Your goal —
Write out again, exactly, the lines below starting at the one with "거래대금_매수 | 거래대금_순매수 |" and ending at the one with "Hoe leuk is".
--- START ---
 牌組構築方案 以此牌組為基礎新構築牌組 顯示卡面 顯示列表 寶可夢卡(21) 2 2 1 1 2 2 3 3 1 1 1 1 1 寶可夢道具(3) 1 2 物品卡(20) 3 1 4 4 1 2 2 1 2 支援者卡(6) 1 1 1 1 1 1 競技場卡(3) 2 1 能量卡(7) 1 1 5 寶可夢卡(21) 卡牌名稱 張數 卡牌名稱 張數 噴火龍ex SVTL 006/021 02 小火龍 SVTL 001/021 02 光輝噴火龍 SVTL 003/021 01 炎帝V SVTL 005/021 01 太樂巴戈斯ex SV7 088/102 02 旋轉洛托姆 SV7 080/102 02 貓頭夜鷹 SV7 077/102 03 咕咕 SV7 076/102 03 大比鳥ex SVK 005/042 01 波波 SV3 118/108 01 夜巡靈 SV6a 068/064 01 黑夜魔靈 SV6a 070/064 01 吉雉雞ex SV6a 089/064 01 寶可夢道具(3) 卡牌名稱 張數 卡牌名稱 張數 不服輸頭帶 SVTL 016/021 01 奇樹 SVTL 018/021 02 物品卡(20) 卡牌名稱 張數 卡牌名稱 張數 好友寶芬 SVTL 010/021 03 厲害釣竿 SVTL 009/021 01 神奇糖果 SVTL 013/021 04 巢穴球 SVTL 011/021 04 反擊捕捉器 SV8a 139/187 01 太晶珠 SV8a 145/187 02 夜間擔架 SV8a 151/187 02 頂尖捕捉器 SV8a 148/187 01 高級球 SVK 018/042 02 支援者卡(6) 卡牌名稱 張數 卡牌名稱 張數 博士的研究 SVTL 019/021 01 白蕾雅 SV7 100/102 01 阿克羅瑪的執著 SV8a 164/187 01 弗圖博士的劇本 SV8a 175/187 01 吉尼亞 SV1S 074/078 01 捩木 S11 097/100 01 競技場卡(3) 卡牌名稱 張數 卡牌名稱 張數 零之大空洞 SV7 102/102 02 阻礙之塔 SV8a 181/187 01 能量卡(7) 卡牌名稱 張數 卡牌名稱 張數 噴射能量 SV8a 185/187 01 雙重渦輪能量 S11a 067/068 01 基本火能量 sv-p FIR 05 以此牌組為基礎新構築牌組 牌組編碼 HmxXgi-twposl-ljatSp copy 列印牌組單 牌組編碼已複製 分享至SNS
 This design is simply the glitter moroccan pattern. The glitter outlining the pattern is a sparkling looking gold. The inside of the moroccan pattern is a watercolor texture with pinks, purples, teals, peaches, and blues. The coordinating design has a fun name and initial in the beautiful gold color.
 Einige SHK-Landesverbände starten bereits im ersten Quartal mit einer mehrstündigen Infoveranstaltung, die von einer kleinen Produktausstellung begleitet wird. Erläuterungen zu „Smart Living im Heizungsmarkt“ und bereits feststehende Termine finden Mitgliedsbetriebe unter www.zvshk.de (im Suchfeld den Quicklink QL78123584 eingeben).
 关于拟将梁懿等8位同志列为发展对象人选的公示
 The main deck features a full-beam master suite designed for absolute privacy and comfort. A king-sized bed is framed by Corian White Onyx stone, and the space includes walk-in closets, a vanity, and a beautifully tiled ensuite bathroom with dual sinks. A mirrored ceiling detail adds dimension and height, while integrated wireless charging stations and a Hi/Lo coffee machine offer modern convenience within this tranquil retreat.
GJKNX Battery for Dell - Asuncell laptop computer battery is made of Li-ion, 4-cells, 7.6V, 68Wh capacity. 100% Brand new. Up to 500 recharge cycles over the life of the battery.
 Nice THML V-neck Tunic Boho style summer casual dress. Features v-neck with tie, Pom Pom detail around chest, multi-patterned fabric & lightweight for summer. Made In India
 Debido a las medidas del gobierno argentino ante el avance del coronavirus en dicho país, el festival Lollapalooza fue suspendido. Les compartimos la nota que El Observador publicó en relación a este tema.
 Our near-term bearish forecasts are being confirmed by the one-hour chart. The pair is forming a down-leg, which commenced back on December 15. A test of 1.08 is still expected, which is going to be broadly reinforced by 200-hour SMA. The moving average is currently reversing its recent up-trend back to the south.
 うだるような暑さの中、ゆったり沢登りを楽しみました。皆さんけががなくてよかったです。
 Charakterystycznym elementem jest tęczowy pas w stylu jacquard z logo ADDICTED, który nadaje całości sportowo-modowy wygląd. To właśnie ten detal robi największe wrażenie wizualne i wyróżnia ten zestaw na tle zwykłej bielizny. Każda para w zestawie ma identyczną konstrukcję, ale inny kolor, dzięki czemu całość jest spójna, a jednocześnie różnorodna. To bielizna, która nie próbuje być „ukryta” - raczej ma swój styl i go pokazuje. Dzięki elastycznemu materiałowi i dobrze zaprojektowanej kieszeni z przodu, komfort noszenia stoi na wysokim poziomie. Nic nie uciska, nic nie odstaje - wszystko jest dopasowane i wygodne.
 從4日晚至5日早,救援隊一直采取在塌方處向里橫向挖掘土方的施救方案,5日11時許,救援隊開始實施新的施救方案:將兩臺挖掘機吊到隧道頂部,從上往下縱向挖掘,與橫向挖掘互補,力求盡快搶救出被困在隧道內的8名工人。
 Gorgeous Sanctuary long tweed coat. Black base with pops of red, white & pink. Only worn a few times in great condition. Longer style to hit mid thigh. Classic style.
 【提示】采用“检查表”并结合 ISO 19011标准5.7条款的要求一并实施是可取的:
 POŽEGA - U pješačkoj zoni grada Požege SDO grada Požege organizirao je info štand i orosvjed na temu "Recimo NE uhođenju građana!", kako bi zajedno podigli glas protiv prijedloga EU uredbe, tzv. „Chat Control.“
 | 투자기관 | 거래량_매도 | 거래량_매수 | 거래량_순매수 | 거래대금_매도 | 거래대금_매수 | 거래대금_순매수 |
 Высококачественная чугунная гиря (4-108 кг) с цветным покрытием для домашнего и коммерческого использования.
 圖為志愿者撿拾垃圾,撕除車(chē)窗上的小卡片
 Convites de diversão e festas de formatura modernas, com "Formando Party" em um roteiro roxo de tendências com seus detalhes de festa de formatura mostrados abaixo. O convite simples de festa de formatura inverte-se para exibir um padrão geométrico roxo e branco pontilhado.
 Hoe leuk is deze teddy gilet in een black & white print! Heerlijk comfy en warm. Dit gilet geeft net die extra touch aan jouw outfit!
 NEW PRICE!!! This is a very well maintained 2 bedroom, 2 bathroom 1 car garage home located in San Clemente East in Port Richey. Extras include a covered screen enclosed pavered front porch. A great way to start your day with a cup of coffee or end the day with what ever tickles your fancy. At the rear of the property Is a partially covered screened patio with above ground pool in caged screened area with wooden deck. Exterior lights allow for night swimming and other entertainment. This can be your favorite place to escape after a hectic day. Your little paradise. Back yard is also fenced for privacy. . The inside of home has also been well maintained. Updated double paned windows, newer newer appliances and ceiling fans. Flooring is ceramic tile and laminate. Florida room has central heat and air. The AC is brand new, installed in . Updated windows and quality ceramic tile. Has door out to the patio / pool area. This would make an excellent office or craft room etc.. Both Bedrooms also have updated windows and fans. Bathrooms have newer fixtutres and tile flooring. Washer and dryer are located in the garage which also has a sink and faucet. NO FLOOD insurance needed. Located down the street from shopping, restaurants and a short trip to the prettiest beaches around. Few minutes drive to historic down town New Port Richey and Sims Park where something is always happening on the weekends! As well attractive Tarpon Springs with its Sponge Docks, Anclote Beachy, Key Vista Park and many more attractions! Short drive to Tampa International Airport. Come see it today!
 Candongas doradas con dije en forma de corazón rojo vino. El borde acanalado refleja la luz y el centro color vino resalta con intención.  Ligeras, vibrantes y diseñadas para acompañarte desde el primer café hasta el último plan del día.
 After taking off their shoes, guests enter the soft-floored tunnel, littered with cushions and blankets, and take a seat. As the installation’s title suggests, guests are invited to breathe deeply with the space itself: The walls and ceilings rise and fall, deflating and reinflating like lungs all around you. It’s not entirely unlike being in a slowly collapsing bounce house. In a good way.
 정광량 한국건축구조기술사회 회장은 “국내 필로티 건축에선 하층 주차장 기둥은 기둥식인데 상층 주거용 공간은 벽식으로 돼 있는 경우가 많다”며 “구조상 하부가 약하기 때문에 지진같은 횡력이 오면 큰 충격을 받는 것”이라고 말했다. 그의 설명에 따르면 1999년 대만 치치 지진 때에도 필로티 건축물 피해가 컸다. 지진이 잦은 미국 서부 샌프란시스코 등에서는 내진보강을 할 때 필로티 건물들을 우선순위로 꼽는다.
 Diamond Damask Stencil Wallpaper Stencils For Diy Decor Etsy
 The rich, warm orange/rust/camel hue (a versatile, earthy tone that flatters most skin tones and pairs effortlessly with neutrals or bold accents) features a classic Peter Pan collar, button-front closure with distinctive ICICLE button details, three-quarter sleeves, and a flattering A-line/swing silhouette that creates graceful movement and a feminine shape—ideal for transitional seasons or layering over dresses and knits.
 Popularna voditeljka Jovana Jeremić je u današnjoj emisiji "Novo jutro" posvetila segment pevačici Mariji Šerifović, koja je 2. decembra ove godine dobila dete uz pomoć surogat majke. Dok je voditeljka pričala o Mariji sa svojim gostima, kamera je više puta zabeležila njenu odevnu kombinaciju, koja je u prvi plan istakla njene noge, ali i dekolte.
--- END ---
Problem solution —
 | 투자기관 | 거래량_매도 | 거래량_매수 | 거래량_순매수 | 거래대금_매도 | 거래대금_매수 | 거래대금_순매수 |
 Высококачественная чугунная гиря (4-108 кг) с цветным покрытием для домашнего и коммерческого использования.
 圖為志愿者撿拾垃圾,撕除車(chē)窗上的小卡片
 Convites de diversão e festas de formatura modernas, com "Formando Party" em um roteiro roxo de tendências com seus detalhes de festa de formatura mostrados abaixo. O convite simples de festa de formatura inverte-se para exibir um padrão geométrico roxo e branco pontilhado.
 Hoe leuk is deze teddy gilet in een black & white print! Heerlijk comfy en warm. Dit gilet geeft net die extra touch aan jouw outfit!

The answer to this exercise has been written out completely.